In addition, the same or corresponding constituent elements will be designated by the same or similar reference numerals regardless of reference numerals, and a duplicated description thereof will be omitted. For convenience of description, sizes and shapes of the illustrated constituent elements may be exaggerated or reduced.

FIG. 1 is a perspective view illustrating an automatic spuit type cap 100 according to an exemplary embodiment of the present invention, FIG. 2 is an exploded perspective view of the automatic spuit type cap 100 illustrated in FIG. 1, and FIG. 3 is an exploded cross-sectional view of the automatic spuit type cap 100 illustrated in FIG. 2.

In addition, FIGS. 4 and 5 are perspective views illustrating states in which some constituent elements are removed from the automatic spuit type cap 100 illustrated in FIG. 1.

Here, FIG. 6 illustrates a state in which an automatic spuit type vessel 1 is closed by the automatic spuit type cap 100. In addition, FIG. 7 illustrates a state in which contents M in the automatic spuit type vessel 1 are sucked into the automatic spuit type cap 100 by a rotation of the automatic spuit type cap 100. In addition, FIG. 8 illustrates a state in which the contents, which have been sucked into the automatic spuit type cap 100, are being discharged to the outside.

FIGS. 9 and 10 are cross-sectional views for explaining one operational state of the automatic spuit type cap 100 according to the exemplary embodiment of the present invention, and particularly, cross-sectional views for explaining a massage function.

The automatic spuit type vessel 1 includes a vessel main body 10 having an opening 11, and the automatic spuit type cap 100. The respective constituent elements, which constitute the automatic spuit type vessel 1, may be made of resin, glass, or a metallic material which is typically used for a cosmetic vessel or the like.

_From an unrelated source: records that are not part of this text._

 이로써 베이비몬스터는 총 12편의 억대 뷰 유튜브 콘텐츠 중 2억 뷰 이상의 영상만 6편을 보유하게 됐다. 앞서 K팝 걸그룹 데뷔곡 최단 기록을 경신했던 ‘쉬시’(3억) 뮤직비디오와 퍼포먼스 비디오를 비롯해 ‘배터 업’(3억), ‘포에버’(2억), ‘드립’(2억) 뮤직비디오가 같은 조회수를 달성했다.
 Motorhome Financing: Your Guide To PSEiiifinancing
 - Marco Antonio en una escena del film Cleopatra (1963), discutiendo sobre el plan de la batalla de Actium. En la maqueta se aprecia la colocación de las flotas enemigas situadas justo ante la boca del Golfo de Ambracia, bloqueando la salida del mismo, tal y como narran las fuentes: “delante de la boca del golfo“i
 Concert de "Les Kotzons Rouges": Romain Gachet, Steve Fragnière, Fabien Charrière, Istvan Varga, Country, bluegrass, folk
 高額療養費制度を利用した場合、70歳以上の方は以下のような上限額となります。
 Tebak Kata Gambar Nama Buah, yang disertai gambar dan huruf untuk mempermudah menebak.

The automatic spuit type cap 100 includes a spuit unit 101 which is configured to selectively open and close the opening 11 of the vessel main body 10 and automatically sucks the contents M in the vessel main body 10 when the vessel main body 11 is opened by a rotation of the automatic spuit type cap, and a massage unit 200 which is connected with the spuit unit 101 and generates vibration.

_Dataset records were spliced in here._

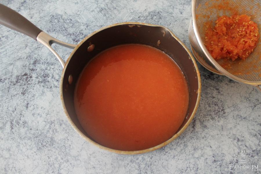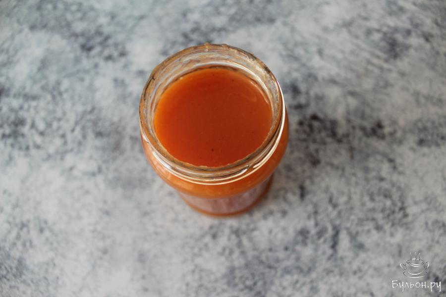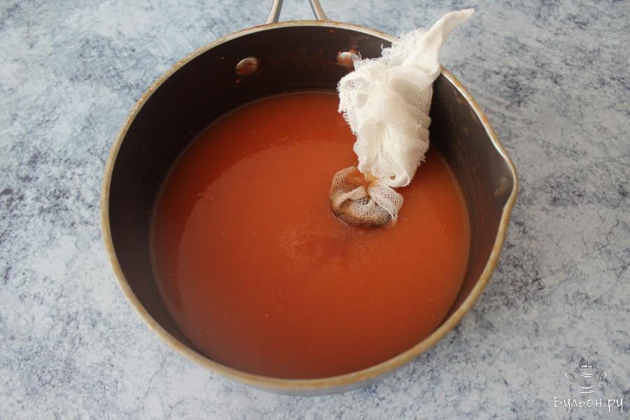 8. Убрав мешочек, снова перетираем через сито соус, переливаем в кастрюлю, доводим до кипения, после чего разливаем по стерилизованным емкостям, закрываем стерильными крышками. Банки переворачиваем и прячем их под одеяло. На следующий день убираем соус на хранение в темное прохладное место.
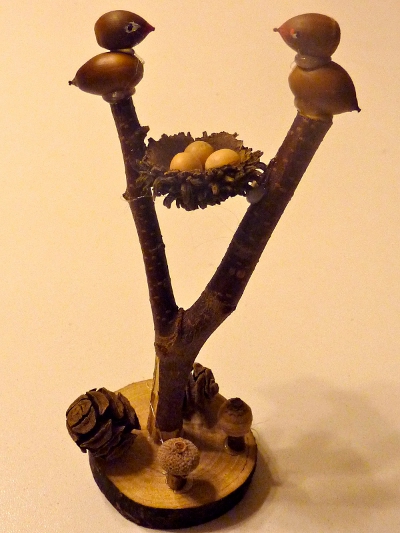 из желудей и спила дерева.
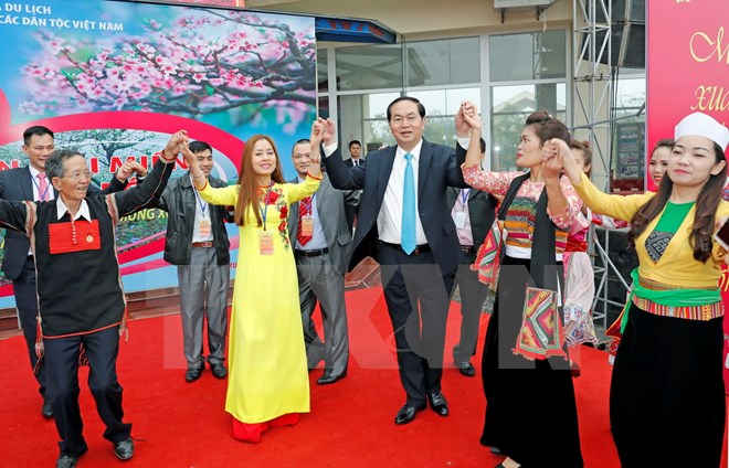 Chủ tịch nước Trần Đại Quang cùng tham gia điệu múa xòe với cộng đồng các dân tộc Việt Nam và bà con kiều bào về dự Ngày hộiThay mặt lãnh đạo Đảng, Nhà nước, Chủ tịch nước Trần Đại Quang tới dự, chúc Tết cộng đồng các dân tộc Việt Nam.
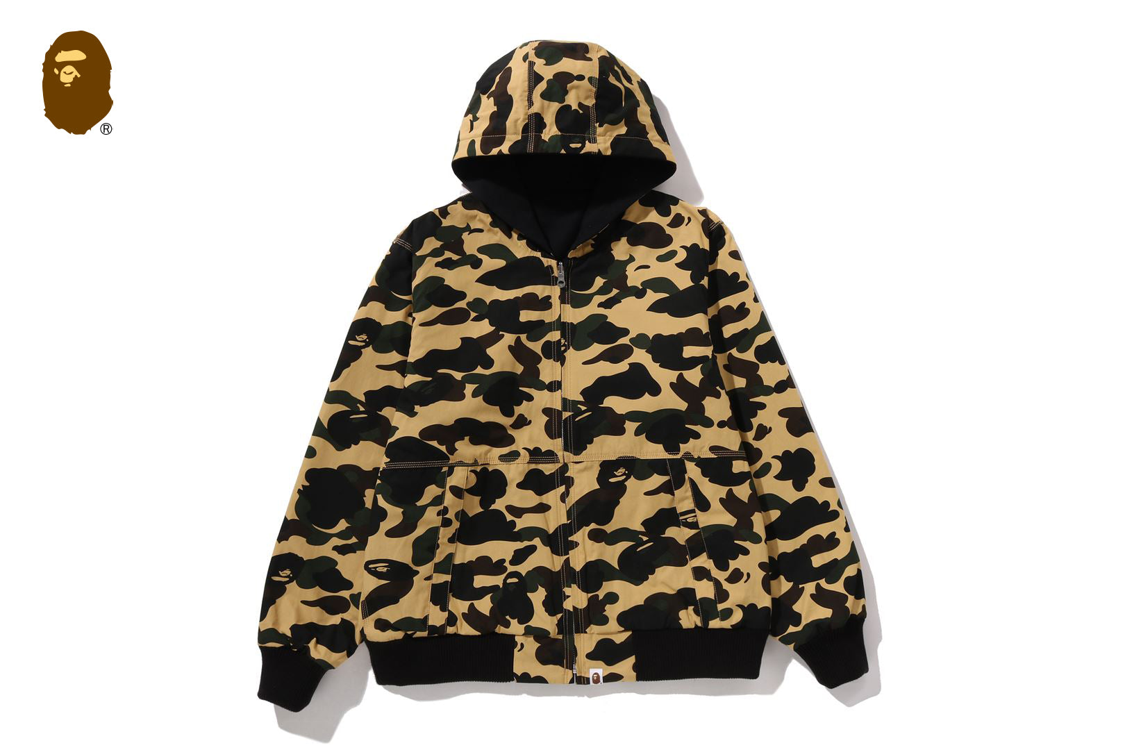 コットン素材を使用した着心地の良い、フーディージャケット。リバーシブル仕様で表側は1ST CAMO柄、裏側は無地で左胸部分にBATHING APE ロゴをプリントしたデザイン。
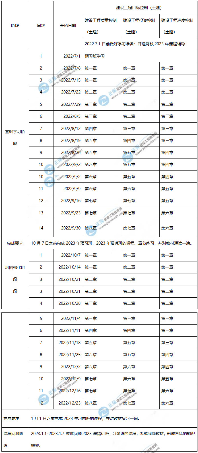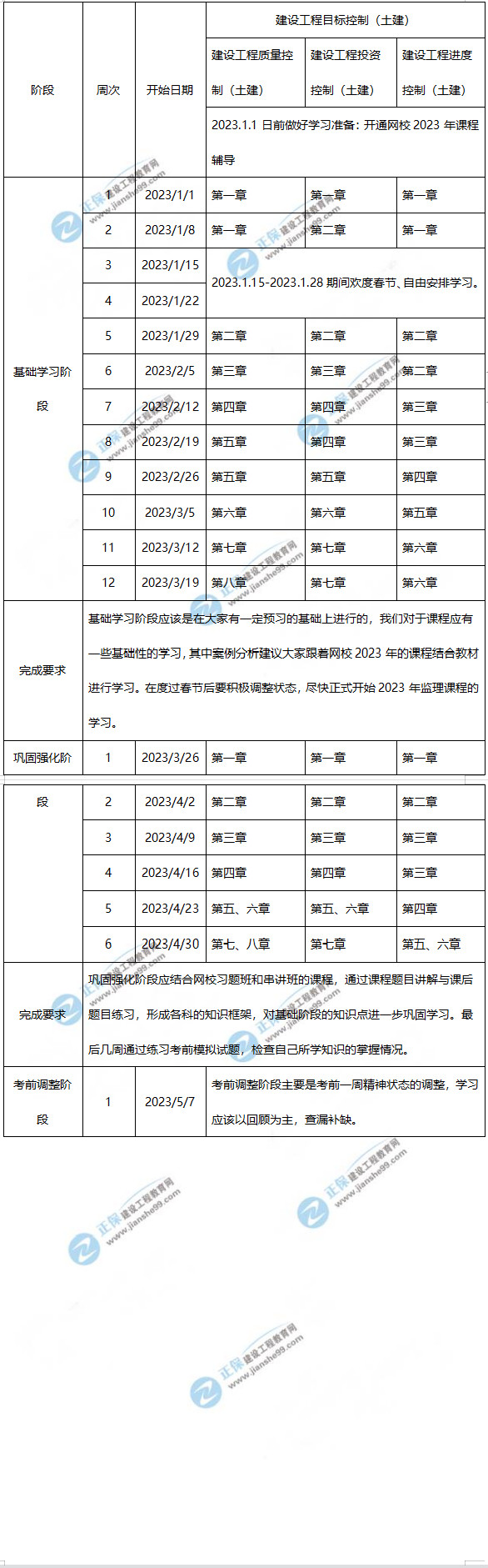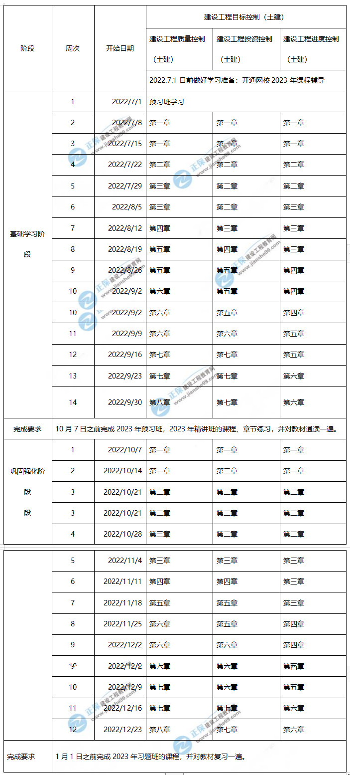 2023年監(jiān)理工程師土建控制學(xué)習(xí)計(jì)劃時(shí)間表

In addition, the spuit unit 101 is configured to discharge the sucked contents to the outside when the massage unit 200 is moved toward the spuit unit 101. In addition, the vessel main body 10 is opened by the automatic spuit type cap 100 by rotating the automatic spuit type cap 100.

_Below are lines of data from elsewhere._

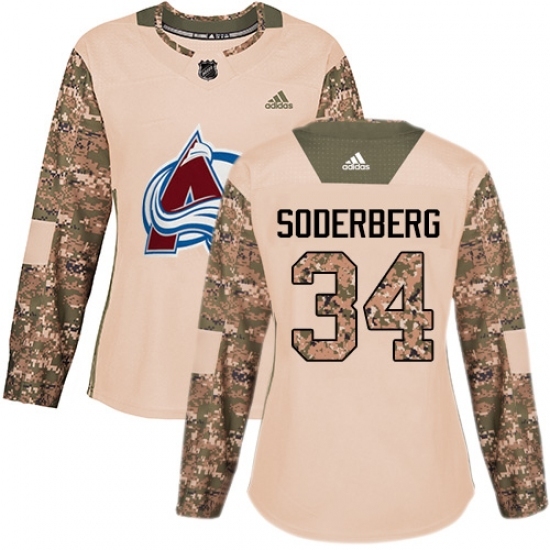 Women's Adidas Colorado Avalanche #34 Carl Soderberg Authentic Camo Veterans Day Practice NHL Jersey
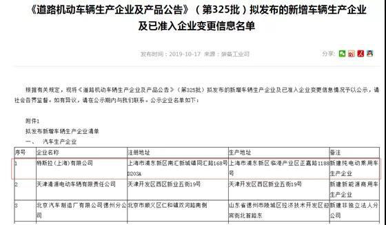 10月17日,工信部發(fā)布第325批《道路機動車輛生產(chǎn)企業(yè)及產(chǎn)品公告》擬發(fā)布的新增車輛生產(chǎn)企業(yè),特斯拉(上海)有限公司出現(xiàn)在該名單中,并備注為“新建純電動乘用車生產(chǎn)企業(yè)”。公示時間10月17日至10月23日。
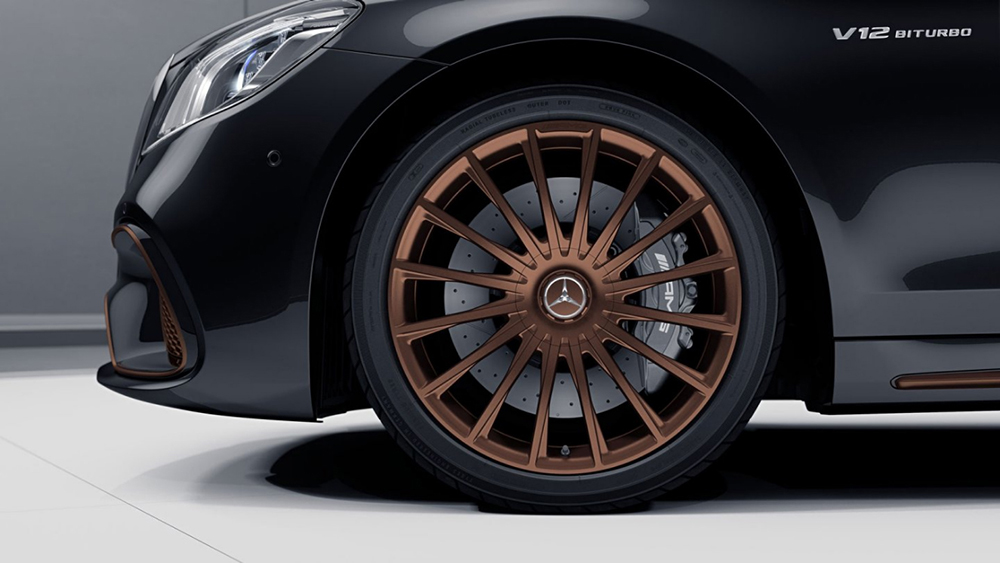 外观方面,该车依旧延续现有车型设计,主要针对细节处进行调整。采用高光黑色漆面、20英寸多辐轮圈,并在侧裙、轮圈、前包围处加入铜色元素修饰,C柱处的AMG标志强调其特殊身份。另外,该车采用高亮黑色的排气装饰。

Referring to FIG. 1, the automatic spuit type cap 100 is configured to be rotated about a central axis C. In the present specification, up and down directions, an upper region, and a lower region may be defined based on a direction of the central axis C (y-axis direction).

Hereinafter, the spuit unit 101, which constitutes the automatic spuit type cap 100, will be specifically described with reference to the accompanying drawings.

Referring to FIGS. 2 to 6, the spuit unit 101 includes an outer cap 110, and an inner cap 120 which is disposed in the outer cap 110 so as to be rotated integrally with the outer cap 110 and has a first spiral guide slot 121.

The outer cap 110 defines an external appearance of the automatic spuit type cap 100, and may have an approximately hollow cylindrical shape. A user may separate the automatic spuit type cap 110 from the vessel main body 10 by manipulating (rotating) the outer cap 110. In addition, a deco cap for presenting an aesthetically attractive external appearance may be mounted on the outer cap 110.

In addition, the inner cap 120 is formed to have a smaller diameter than the outer cap 110, and may have an approximately hollow cylindrical shape. In addition, the first guide slot 121 is provided in the inner cap 120 in a circumferential direction based on the central axis C, and particularly, the first guide slot 121 is provided in a spiral manner in the central axis direction C.

Here, a plurality of first guide slots 121 may be provided in the inner cap 120, and for example, two first guide slots 121 may be provided in the inner cap 120 in the circumferential direction at a predetermined interval.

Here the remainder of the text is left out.